BEGIN Information shown

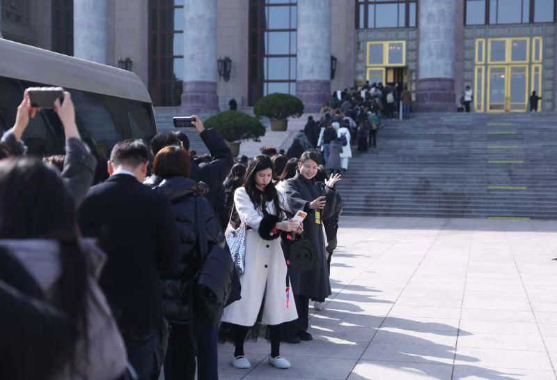 3月3日下午,参加全国政协十四届四次会议新闻发布会的记者在人民大会堂外排起长队。
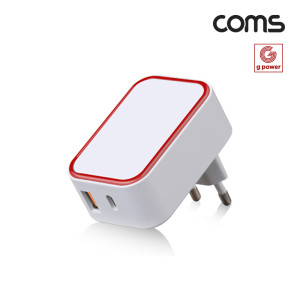 Coms G POWER 고속 충전기 2구, 가정용, USB 3.1(Type C)+USB A, 화이트, C to 8P 케이블 1.5M 요약정보 및 구매
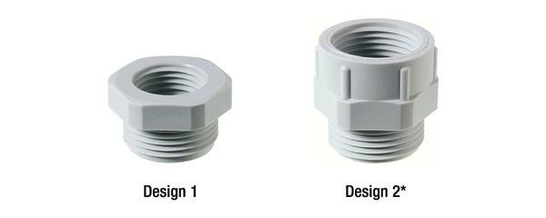 Reduktion, zum Reduzieren einer Gewinde- oder Durchgangsbohrung auf eine kleinere Gewindegröße , RAL 7035, Zubehör Pg Kunststoff
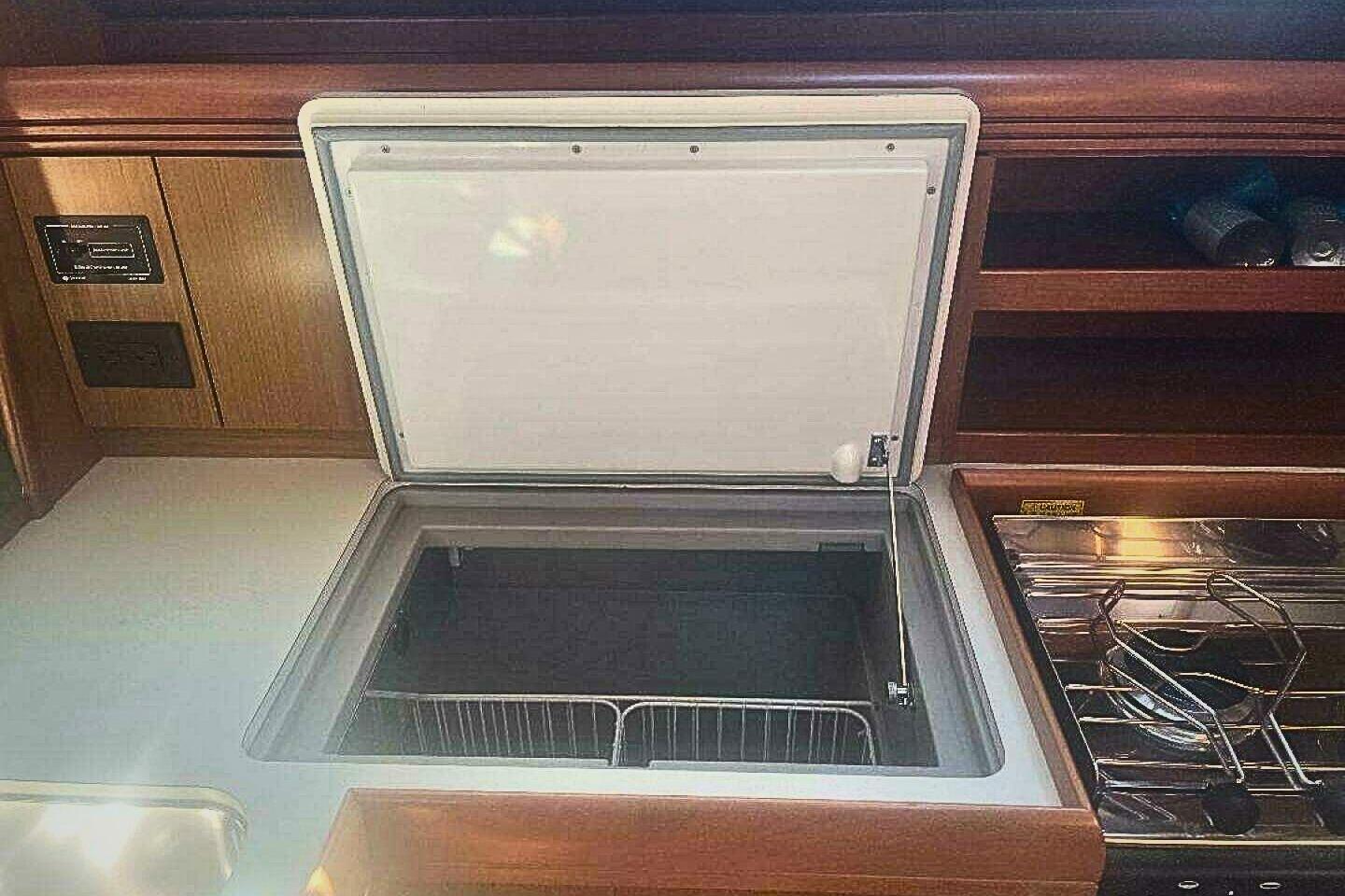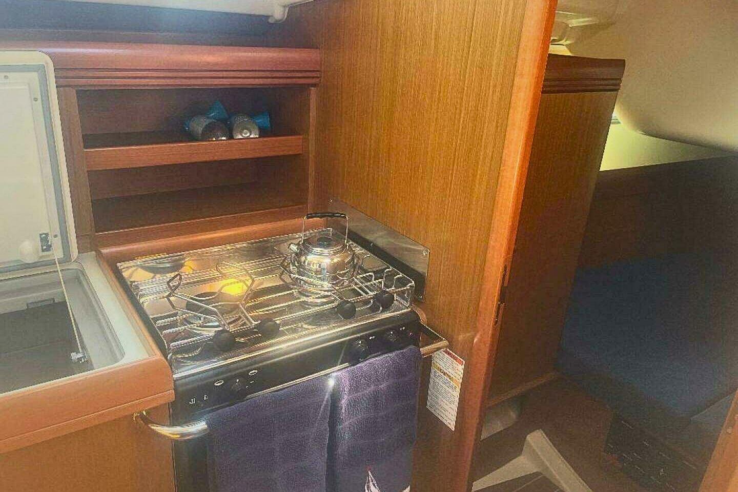 Gas locker located in lazarette locker under starboard helm seat, room for 2–10-gal gas bottle with connection to gas system and cut-off valve under stove in the galley

END Information shown

Exercise details: Whenever images occur above, omit them and retype each line exactly as it stands.

Result of the task:
 3月3日下午,参加全国政协十四届四次会议新闻发布会的记者在人民大会堂外排起长队。
 Coms G POWER 고속 충전기 2구, 가정용, USB 3.1(Type C)+USB A, 화이트, C to 8P 케이블 1.5M 요약정보 및 구매
 Reduktion, zum Reduzieren einer Gewinde- oder Durchgangsbohrung auf eine kleinere Gewindegröße , RAL 7035, Zubehör Pg Kunststoff
 Gas locker located in lazarette locker under starboard helm seat, room for 2–10-gal gas bottle with connection to gas system and cut-off valve under stove in the galley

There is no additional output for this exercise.